Work to be completed:
Leave the images aside and copy out the whole listing, exact to the word.

Dataset content:
_ _ _ _ _
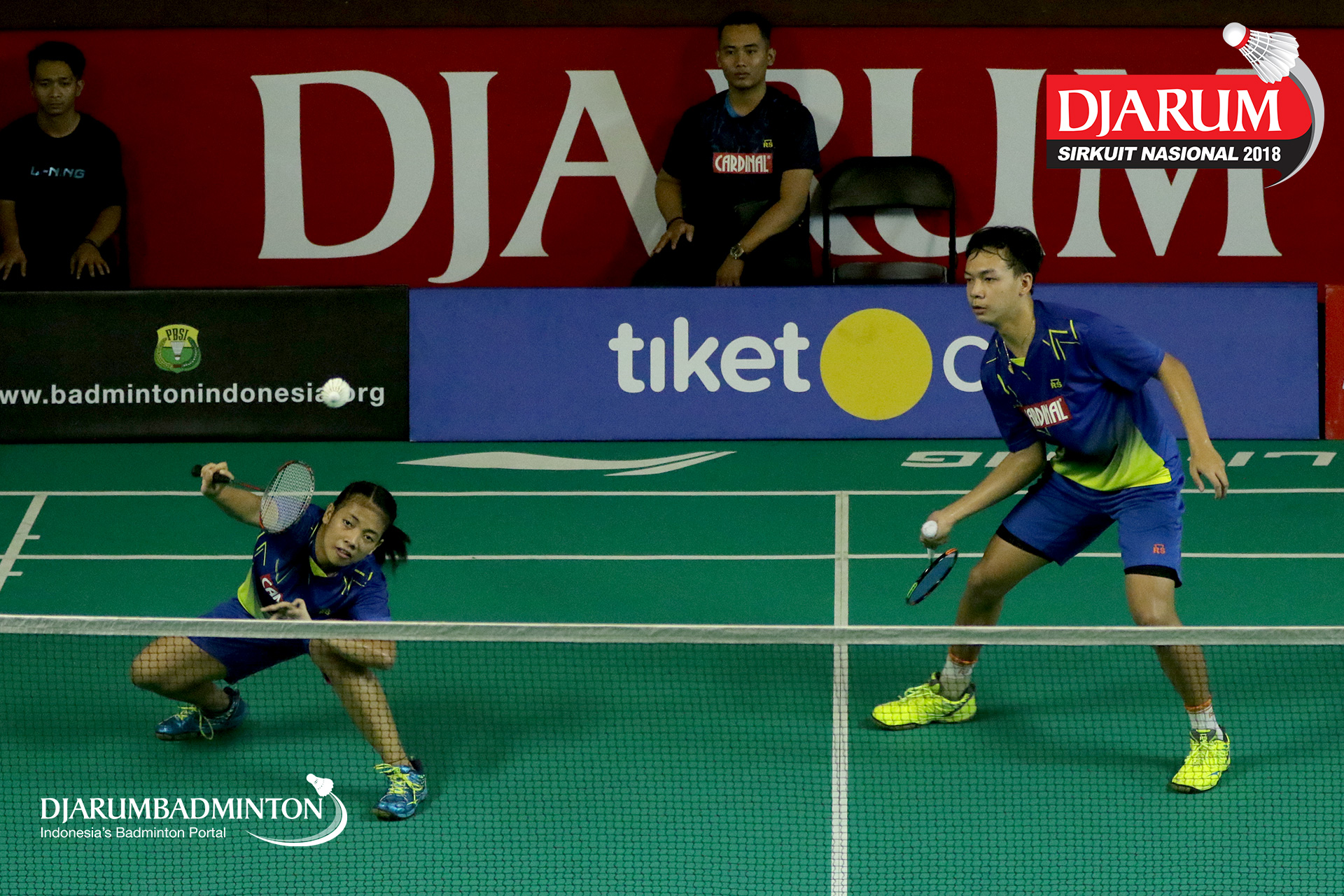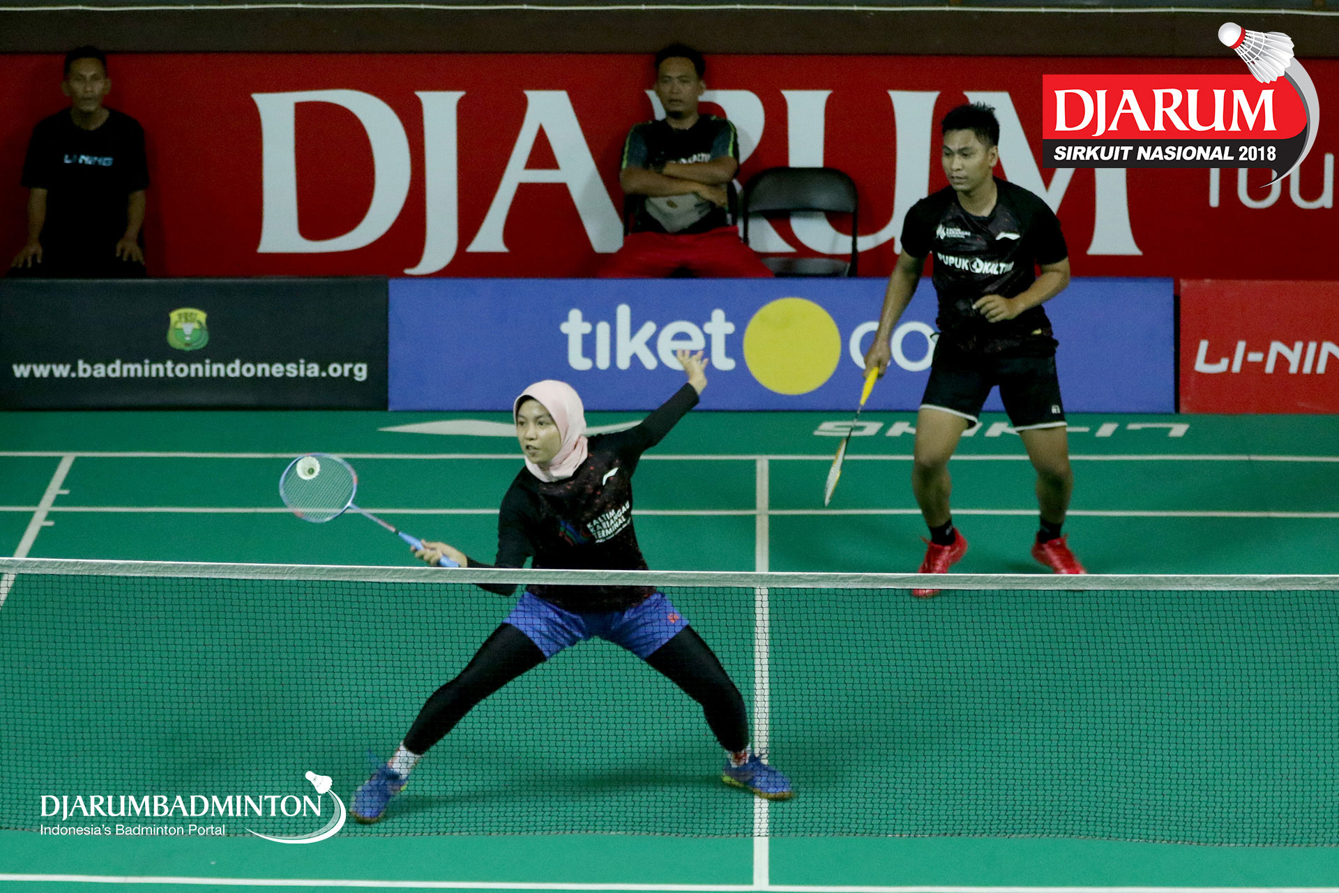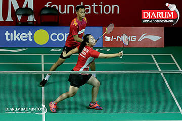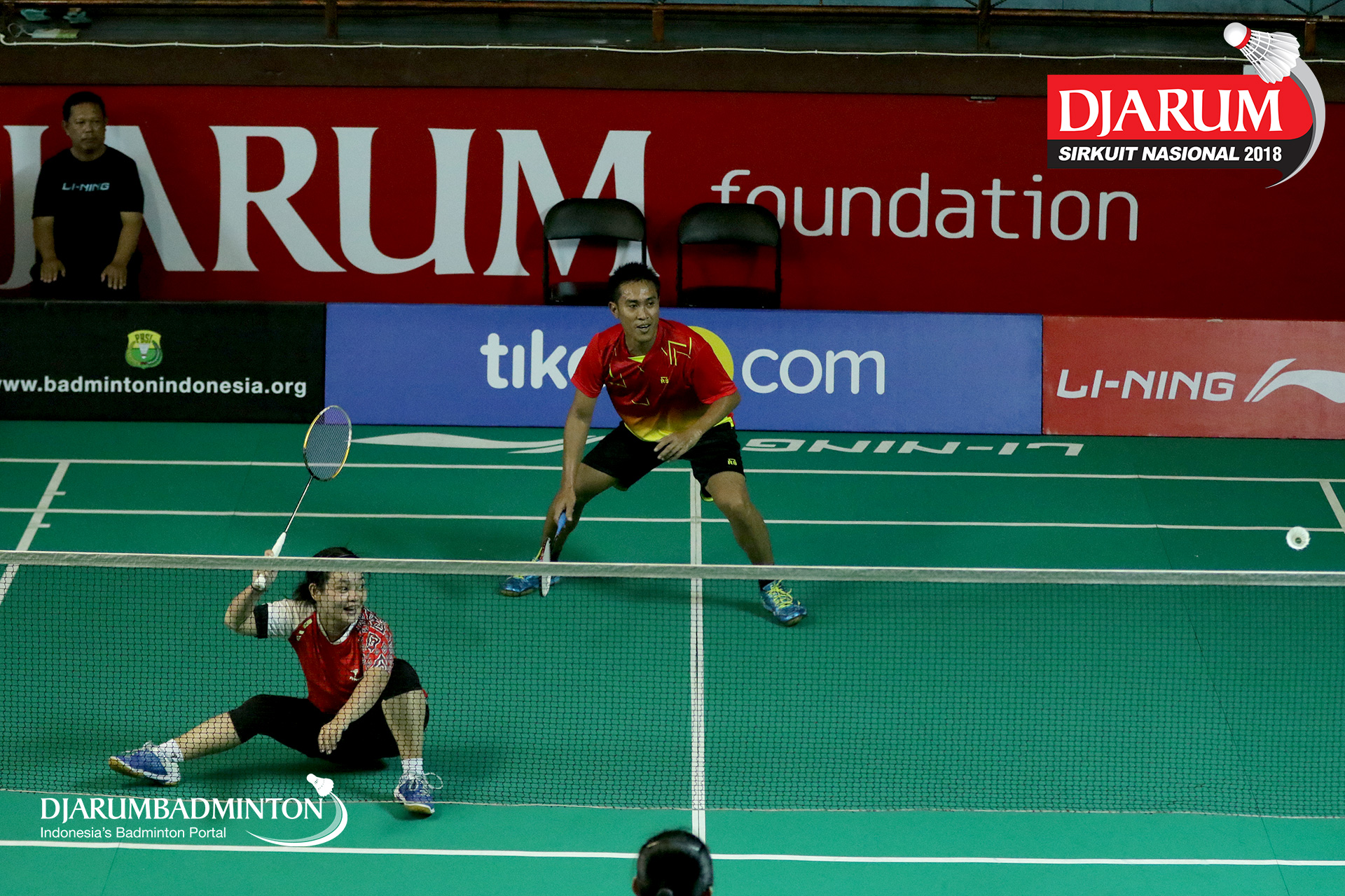 Arya Julius Fernanda/Putri Andini Wahyuningrum (Mutiara Cardinal, Bandung) berusaha membbalikan shuttlecock
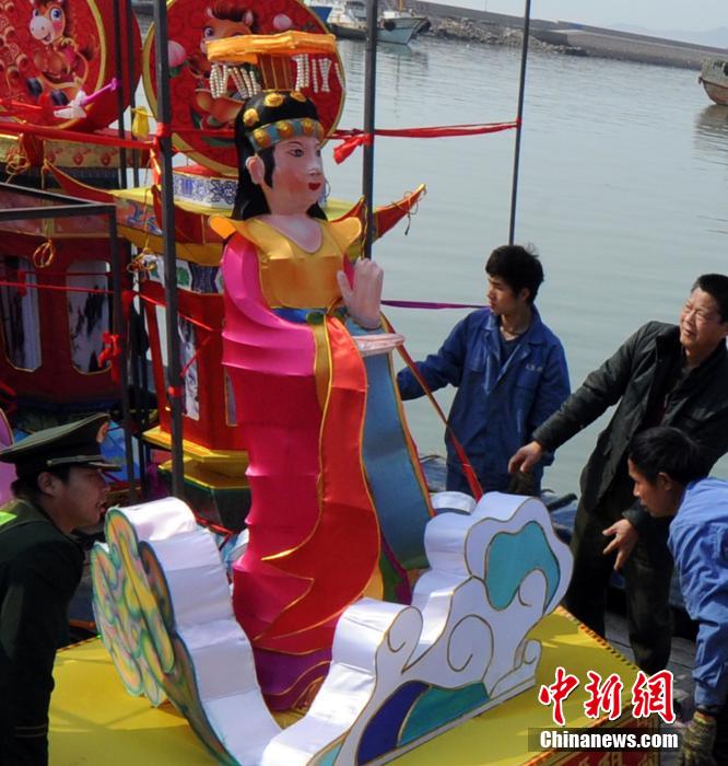 1月28日,福州连江黄岐边防派出所官兵协助工作人员将赠送马祖的花灯搬运装船。当日,装载赠送马祖乡亲的1029盏花灯的马祖建騵号货船带着新春祝福,驶离福州连江县黄岐台轮停泊点码头,启运马祖。今年,在第12届“两马同春闹元宵”的活动中,福州马尾区定制并赠送马祖同胞款式多样的走马灯,八骏图、马年特制花灯、妈祖女神灯、新春喜庆灯等1029盏花灯,贺新春送祝福。中新社发 刘可耕 摄
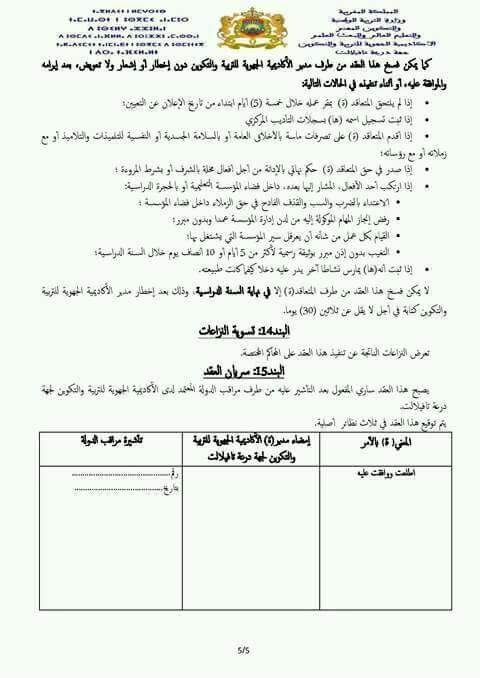 مضامين البنود التي سيتم توقيعها من قبل الناجحين في مباريات التوظيف بموجب عقود دورة يونيو 2017
_ _ _ _ _
Answer to the problem:
 Arya Julius Fernanda/Putri Andini Wahyuningrum (Mutiara Cardinal, Bandung) berusaha membbalikan shuttlecock
 1月28日,福州连江黄岐边防派出所官兵协助工作人员将赠送马祖的花灯搬运装船。当日,装载赠送马祖乡亲的1029盏花灯的马祖建騵号货船带着新春祝福,驶离福州连江县黄岐台轮停泊点码头,启运马祖。今年,在第12届“两马同春闹元宵”的活动中,福州马尾区定制并赠送马祖同胞款式多样的走马灯,八骏图、马年特制花灯、妈祖女神灯、新春喜庆灯等1029盏花灯,贺新春送祝福。中新社发 刘可耕 摄
 مضامين البنود التي سيتم توقيعها من قبل الناجحين في مباريات التوظيف بموجب عقود دورة يونيو 2017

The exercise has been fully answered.